Step 5 obtain consensus estimates for the programs and their usages at the desired value of K

The last step is to cluster the spectra after first optionally filtering out ouliers. This step ultimately outputs 4 files: - GEP estimate in units of TPM - GEP estimate in units of TPM Z-scores, reflecting whether having a higher usage of a program would be expected to decrease or increase gene expression) - Unnormalized GEP usage estimate. - Clustergram diagnostic plot, showing how much consensus there is amongst the replicates and a histogram of distances between each spectra and its K nearest neighbors

We recommend that you use the diagnostic plot to determine the threshold to filter outliers. By default cNMF sets the number of neighbors to use for this filtering as 30% of the number of iterations done. But this can be modified from the command line.

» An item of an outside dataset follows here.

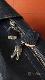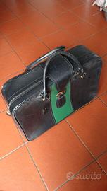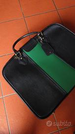 Iconica valigia da viaggio firmata FRANZI, storica maison di pelletteria milanese attiva dal 1864, famosa per la qualità artigianale dei suoi articoli in pelle. Questo pezzo risale agli anni ’70 ed è realizzato in vera pelle pieno fiore nera, con una distintiva fascia centrale in pelle verde e finiture in metallo dorato.
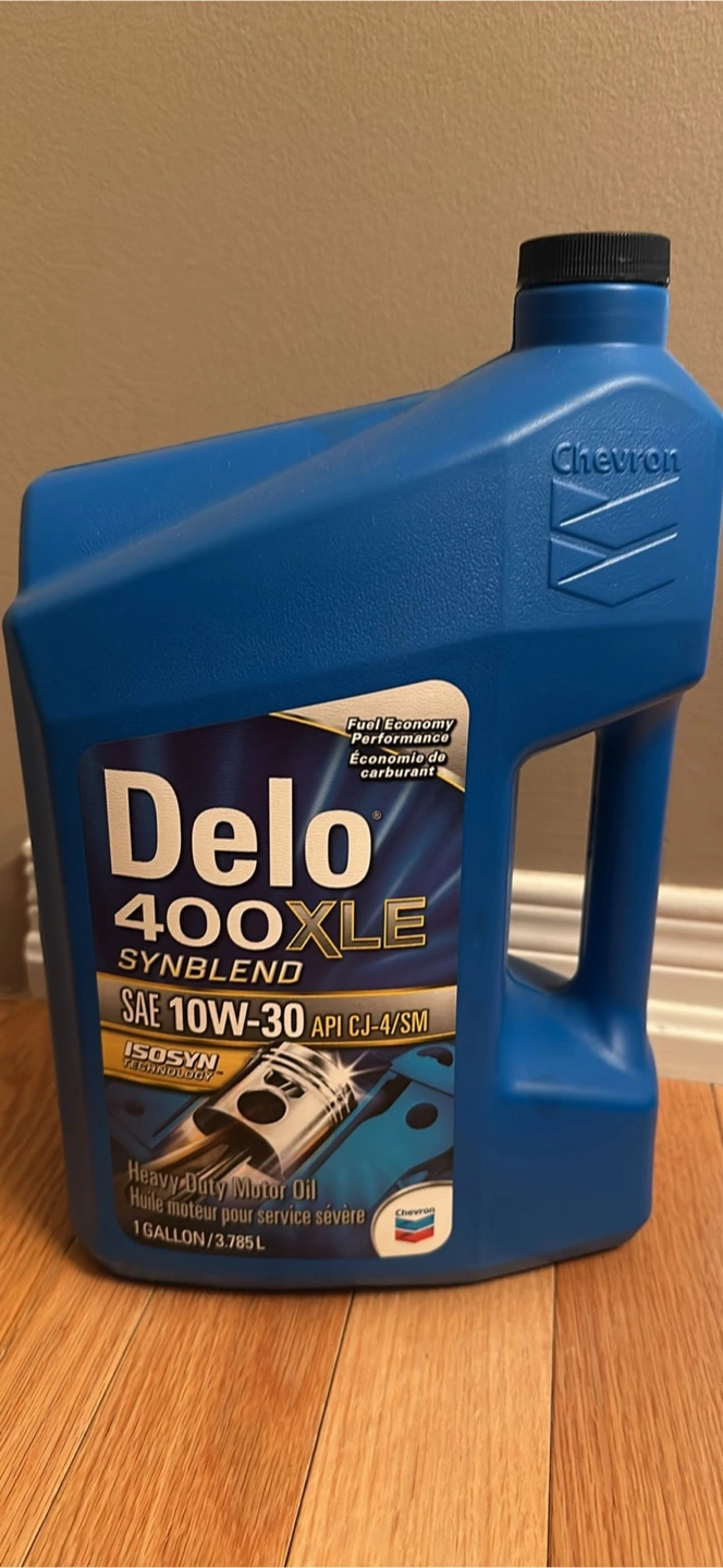 1 gallon of Chevron Delo 400XLE Synblend heavy-duty motor oil. SAE 10W-30. API CJ-4/SM. Fuel economy performance.

In practice, we tend to run this command twice, once with --local-density-threshold 2.00 to see what the distribution of average distances looks like, and then a second time with --local-density-threshold set to a smaller value determined based on this histogram to filter out outliers. See the tutorials for examples of this.

Example command:

cnmf consensus --output-dir ./example_data --name example_cNMF --components 10 --local-density-threshold 0.2 --show-clustering
  • --components - value of K to compute consensus clusters for. Must be among the options provided to the prepare step
  • --local-density-threshold - the threshold on average distance to K nearest neighbors to use. 2.0 or above means that nothing will be filtered out. Default: 0.5
  • --local-neighborhood-size - Percentage of replicates to consider as nearest neighbors for local density filtering. E.g. if you run 100 replicates, and set this to .3, 30 nearest neighbors will be used for outlier detection. Default: 0.3
  • --show-clustering - Controls whether or not the clustergram image is output. Default: False

By the end of this step, you should have the following results files in your directory:

  • Z-score unit gene expression program matrix - example_data/example_cNMF/example_cNMF.gene_spectra_score.k_10.dt_0_01.txt
  • TPM unit gene expression program matrix - example_data/example_cNMF/example_cNMF.gene_spectra_tpm.k_10.dt_0_01.txt
  • Usage matrix example_data/example_cNMF/example_cNMF.usages.k_10.dt_0_01.consensus.txt
  • Diagnostic plot - example_data/example_cNMF/example_cNMF.clustering.k_10.dt_0_01.pdf

See the tutorials for some subsequent analysis steps that could be used to analyze these results files once they are created.